Figure 3. TRIM25 RING domain is responsible for promoting the NLRP3 inflammasome activation. (A) Domain architecture of TRIM25 and amino acid sequence alignment of the RING domain between porcine and human TRIM25. The sequences are based on the GenBank accession numbers XM_005656971 for porcine TRIM25 and NM_005082 for human TRIM25. Amino acid positions are based on the sequence of porcine TRIM25. Residues (C13 and C16) known to be critical for the E3 ligase activity of human TRIM25 are underlined. Consensus symbols indicate as follows: asterisk (*), fully conserved residues; colon (:), residues that share strongly similar properties. (B) HEK293T cells were transfected with plasmids expressing porcine NLRP3 inflammasome components and pro-IL-1β along with an empty HA-vector or a plasmid expressing HA-tagged porcine TRIM25 (WT or mutants) for 16h. Porcine IL-1β levels from cell-free supernatants were measured by ELISA. From cell lysates, the expression of proteins (p20, pro-IL-1β, and HA-tagged TRIM25) was analyzed by Western blotting. Relative intensities of p20 and pro-IL-1β to that in the samples with HA-vector were shown above each band. (C) HEK293T cells were transfected with plasmids as indicated for 18h. Pro-caspase-1 mRNA levels were measured by quantitative PCR and expressed as fold changes over the expression level in cells transfected with pro-caspase-1 construct and an empty HA-vector. (D) HEK293T cells were transfected with plasmids expressing Flag-tagged porcine pro-caspase-1 CARD and Myc-tagged porcine ASC along with either an empty HA-vector or plasmids expressing TRIM25 (WT or mutants) for 24h. Cell lysates were subjected to IP with mouse IgG isotype control or anti-Flag antibody. The expression of Flag-tagged CARD, Myc-tagged ASC, and HA-tagged TRIM25 (WT or mutants) in IP and input samples was analyzed by Western blotting using antibodies indicated. Relative intensities of ASC-Myc to that in lane 1 were shown above each band. Statistical analysis was performed with one-way ANOVA. ns, not significant; *p<0.05; ***p<0.001. Results are representative of three independent experiments.

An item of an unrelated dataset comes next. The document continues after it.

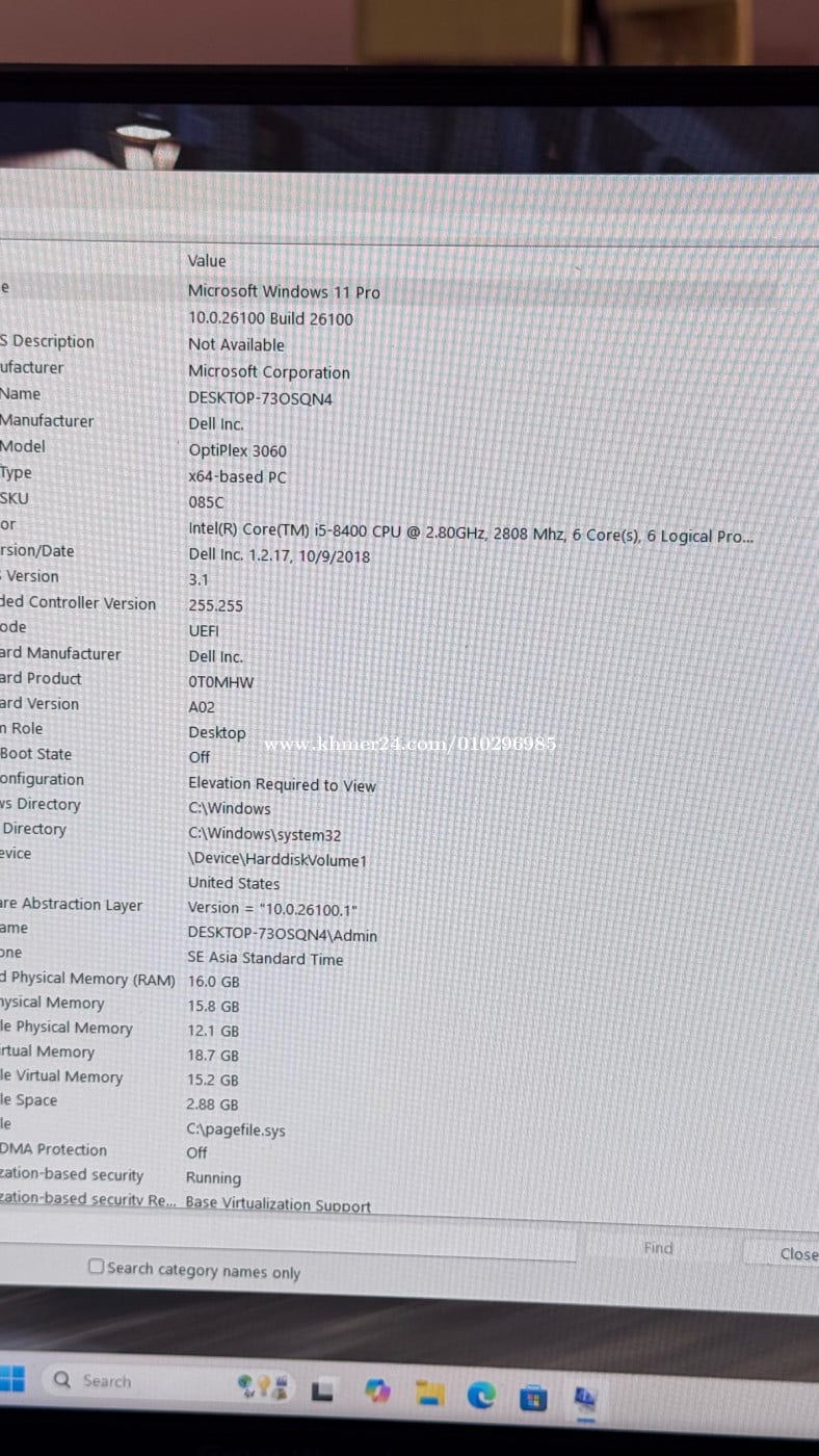 Desktop Office 1set: ➡️ Dell Optiplex 3060 (Used) ➡️CPU: Intel Core i5-8400 @2.80GHz (6Cores, 6Threads) ➡️ RAM: 16G DDR4 2666MHz (16G x1) ➡️ Storage: SSD 512G ➡️ Monitor: 24 inch 75Hz ➡️ Free: Mouse keyboard RGB & Mousepad ➡️ Price: 230$ ➡️ Warranty 30days ➡️ Tel: 010296xxxClick To Call Join group telegram below: https://t.me/+bAISWOCCOsw3ODJl --------------------------------- អាសយដ្ឋាន: ភូមិ 05 សង្កាត់ 04 ក្រុងព្រះសីហនុ, ខេត្តព្រះសីហនុ (ក្រោយសាលាហ៊ុនសែនមិត្តភាព ហៅសាលាអូរ2 ទល់មុខអាគារខុនដូរ LZ) Address: Village 05, Commune 04, Sihanoukville, Province. Link google map below: លីងផែនទី Google នៅខាងក្រោមនេះ: https://maps.app.goo.gl/BrZM4EoDXwDiVULT7?g_st=ic
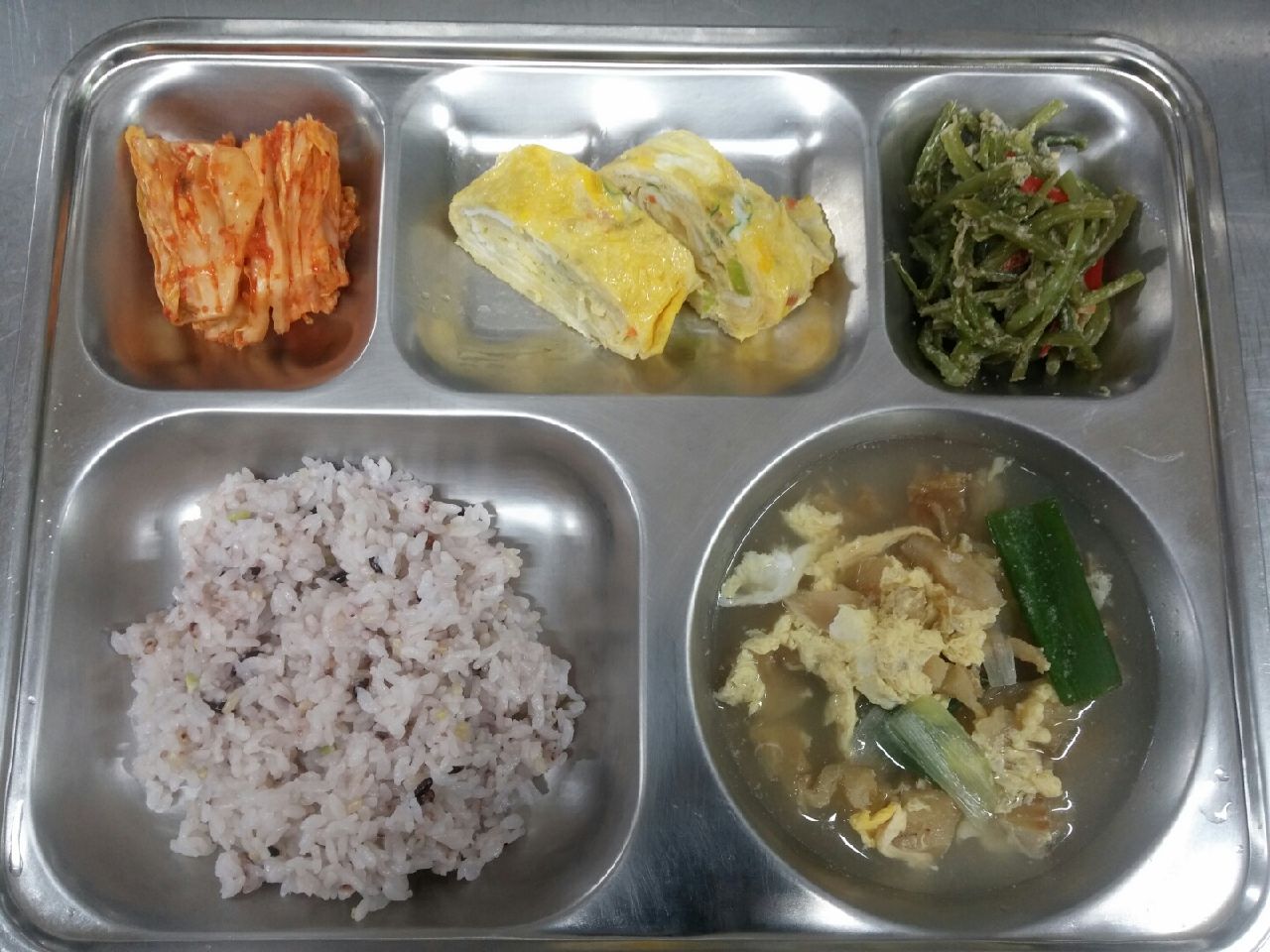 조식 : 혼합10곡밥, 북어계란국, 계란말이, 고구마순볶음, 배추김치

To further assess how the interaction of pro-caspase-1 CARD with ASC is influenced by WT/mutant TRIM25, Co-IP was performed after Flag-CARD and ASC-Myc were expressed along with HA-tagged TRIM25 (WT, C13A/C16A or delRING version). As observed above, the CARD expression was increased by the expression of WT TRIM25, compared to the condition with HA-vector. However, it was not increased by the mutant TRIM25, either C13A/C16A or delRING (Figure 3D). Consequently, the amount of ASC-Myc co-immunoprecipitated with Flag-CARD was decreased in the case of mutant TRIM25 compared to the condition with WT TRIM25. The results indicate that porcine TRIM25’s RING domain, more specifically, the residues C13 and C16 that are postulated to be required for the E3 ligase activity, is critical for TRIM25 to promote the NLRP3 inflammasome activity.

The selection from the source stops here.